You do it in the equation of motion you obtained.

$$\theta_{eq} = arccos(\frac{g}{R\omega^2})$$

Does it exist for all values of ##\omega##?

What about ## \sin \theta = 0 ##?
 
  • #8
voko said:
You do it in the equation of motion you obtained.
Does it exist for all values of ##\omega##?

What about ## \sin \theta = 0 ##?

It exists for
$$R\omega^2\geq g $$

Expansion of sine around my theta_eq??

$$\sin(\theta)=\sqrt{1-(\frac{g}{R\omega^2})^2}+\frac{g}{R\omega^2}\cdot (\theta -\arccos(\frac{g}{R\omega^2})-0.5\sqrt{1-(\frac{g}{R\omega^2})^2}\cdot (\theta -\arccos(\frac{g}{R\omega^2})^2+.. $$

I'm not really sure about what you meant with ''what about sin(theta)=0 ?'' . Sorry
 
  • #9
My question was whether ## \sin \theta = 0 ## also gives equilibrium points.

Your expansion is correct, but you do not need terms that are above linear in ##\theta##.
 
  • #10
voko said:
My question was whether ## \sin \theta = 0 ## also gives equilibrium points.

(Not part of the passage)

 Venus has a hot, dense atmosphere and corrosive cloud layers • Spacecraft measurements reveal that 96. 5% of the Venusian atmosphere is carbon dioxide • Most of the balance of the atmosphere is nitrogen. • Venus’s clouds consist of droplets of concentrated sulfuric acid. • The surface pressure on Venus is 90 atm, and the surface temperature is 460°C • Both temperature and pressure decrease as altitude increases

Your expansion is correct, but you do not need terms that are above linear in ##\theta##.

Oh, ofcourse! I forgot sin(theta). theta = 0 is an equilibrium point too.(well and pi but I guess that's not very reasonable here)

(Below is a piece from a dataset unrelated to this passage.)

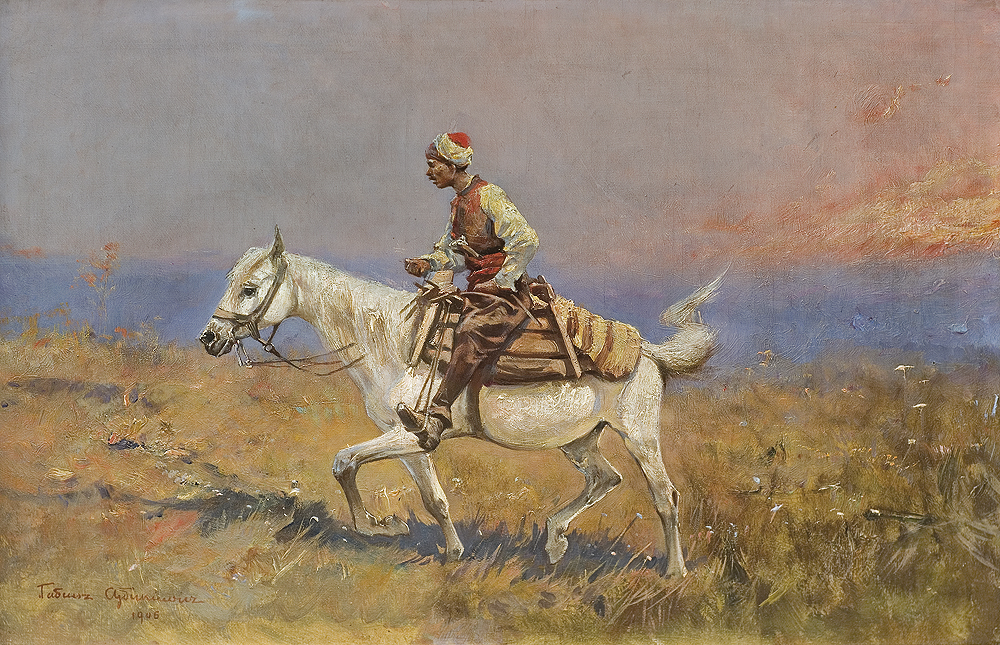 Tadeusz Ajdukiewicz (Bochnia 1851 - Kraków 1916) był artystą związanym z mecenatem arystokracji i dworów panujących; w tych kręgach zrobił prawdziwą karierę, a jego obrazy podobały się powszechnie. Studia malarskie rozpoczął w krakowskiej Szkole Sztuk Pięknych. Później kształcił się jeszcze w Wiedniu oraz w Monachium - w Akademii i w pracowni Józefa Brandta. Po studiach przez kilka lat jeździł po polskich dworach kresowych i malował portrety. Około 1877 wyjechał do Paryża, skąd, wraz z Władysławem Branickim wyjechał w – ważną dla jego przyszłej twórczości – podróż na Bliski Wschód. Około roku 1882 zamieszkał w Wiedniu, zajął pracownię po Hansie Makarcie (zm. 1884), malując dla dworu cesarskiego i arystokracji. W 1893 bawił w Londynie, gdzie, m.in. portretował księcia Walii, w 1894 pracował na dworze sułtańskim w Konstantynopolu, następnie także w Sofii, Petersburgu i Bukareszcie. W Rumunii osiadł na dłużej jako malarz nadworny Karola I. Po wybuchu I wojny światowej powrócił do kraju i, mimo starszego wieku, zaciągnął się do Legionów. Zmarł, nie wytrzymawszy trudów wojennych. Malował przede wszystkim portrety - zarówno reprezentacyjne, efektowne i eleganckie (Portret Heleny Modrzejewskiej, MNK), jak również skromne i kameralne. Tworzył też sceny myśliwskie, obrazy o tematyce wschodniej, bohaterskie sceny bitewne, rewie i przeglądy wojsk (Przegląd armii rumuńskiej, 1896).

So I just have to expand sin(theta)cos(theta) now and then write it out?
 
  • #11
Also, how do you type in tex inside your normal sentences? The way I do it ([ tex] [/ tex]) , my text comes on a new line.
 
  • #12
you can use itex instead. (sorry for jumping in on this thread). Don't be too quick to dismiss theta=Pi. What do questions b) and c) actually ask you for?
 
  • #13
dumbperson said:
Oh, ofcourse! I forgot sin(theta). theta = 0 is an equilibrium point too.(well and pi but I guess that's not very reasonable here)

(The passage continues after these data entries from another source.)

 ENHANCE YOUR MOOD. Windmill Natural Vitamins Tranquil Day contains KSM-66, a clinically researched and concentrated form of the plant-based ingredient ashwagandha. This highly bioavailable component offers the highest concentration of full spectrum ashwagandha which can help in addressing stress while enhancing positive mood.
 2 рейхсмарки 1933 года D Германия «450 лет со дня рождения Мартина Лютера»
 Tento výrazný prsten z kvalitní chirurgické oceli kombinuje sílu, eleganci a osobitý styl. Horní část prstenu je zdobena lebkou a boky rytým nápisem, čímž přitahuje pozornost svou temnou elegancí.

Do not guess. Your task is to find out whether ##\theta = \pi ## is a stable equilibrium.

So I just have to expand sin(theta)cos(theta) now and then write it out?

Yes - about each equilibrium. Note that in all cases except ## \theta_{e} = 0 ##, you will have to change your variable to ## \theta^* = \theta - \theta_{e} ##, so that the resultant equation have the canonical form ##\ddot {\theta ^*} + k^2 \theta ^* = 0 ##.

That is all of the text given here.